▶ **Task to carry out**
Once you find the line with "Les enfants ont" in the data that follows, repeat it and every line after it exactly, through the line with "des cultures, les".

▶ **Exercise material**
============================================================
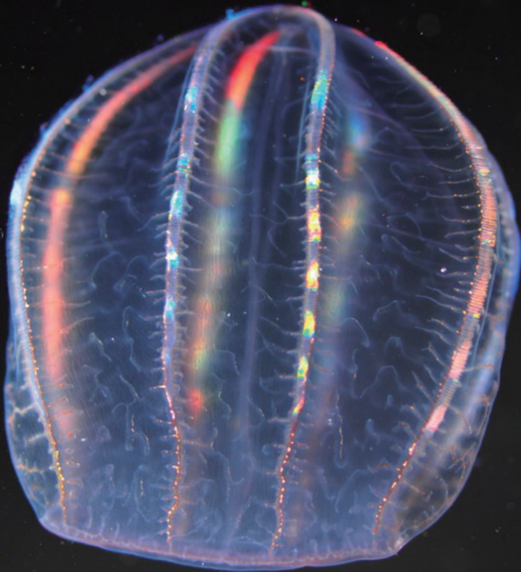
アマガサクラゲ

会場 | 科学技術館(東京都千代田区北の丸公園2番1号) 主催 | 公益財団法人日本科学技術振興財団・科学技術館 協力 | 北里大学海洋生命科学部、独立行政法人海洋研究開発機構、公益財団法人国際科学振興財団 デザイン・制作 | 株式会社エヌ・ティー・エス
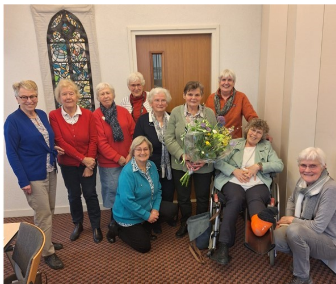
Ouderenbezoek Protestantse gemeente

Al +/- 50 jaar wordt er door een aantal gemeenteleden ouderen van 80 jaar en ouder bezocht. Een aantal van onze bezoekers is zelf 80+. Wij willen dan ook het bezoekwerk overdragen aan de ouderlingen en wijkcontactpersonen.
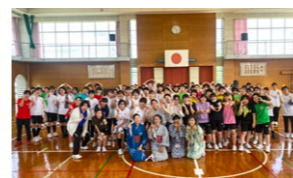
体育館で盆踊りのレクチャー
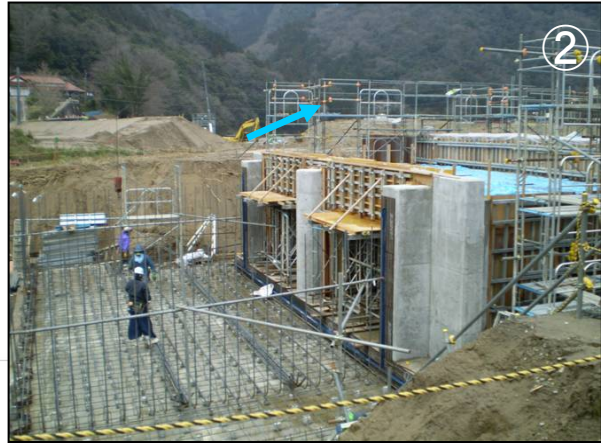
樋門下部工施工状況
============================================================
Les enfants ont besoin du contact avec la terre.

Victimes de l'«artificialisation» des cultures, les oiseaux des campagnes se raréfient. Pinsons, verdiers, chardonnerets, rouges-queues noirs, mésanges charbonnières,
============================================================
▶ **Task response**
Les enfants ont besoin du contact avec la terre.

Victimes de l'«artificialisation» des cultures, les oiseaux des campagnes se raréfient. Pinsons, verdiers, chardonnerets, rouges-queues noirs, mésanges charbonnières,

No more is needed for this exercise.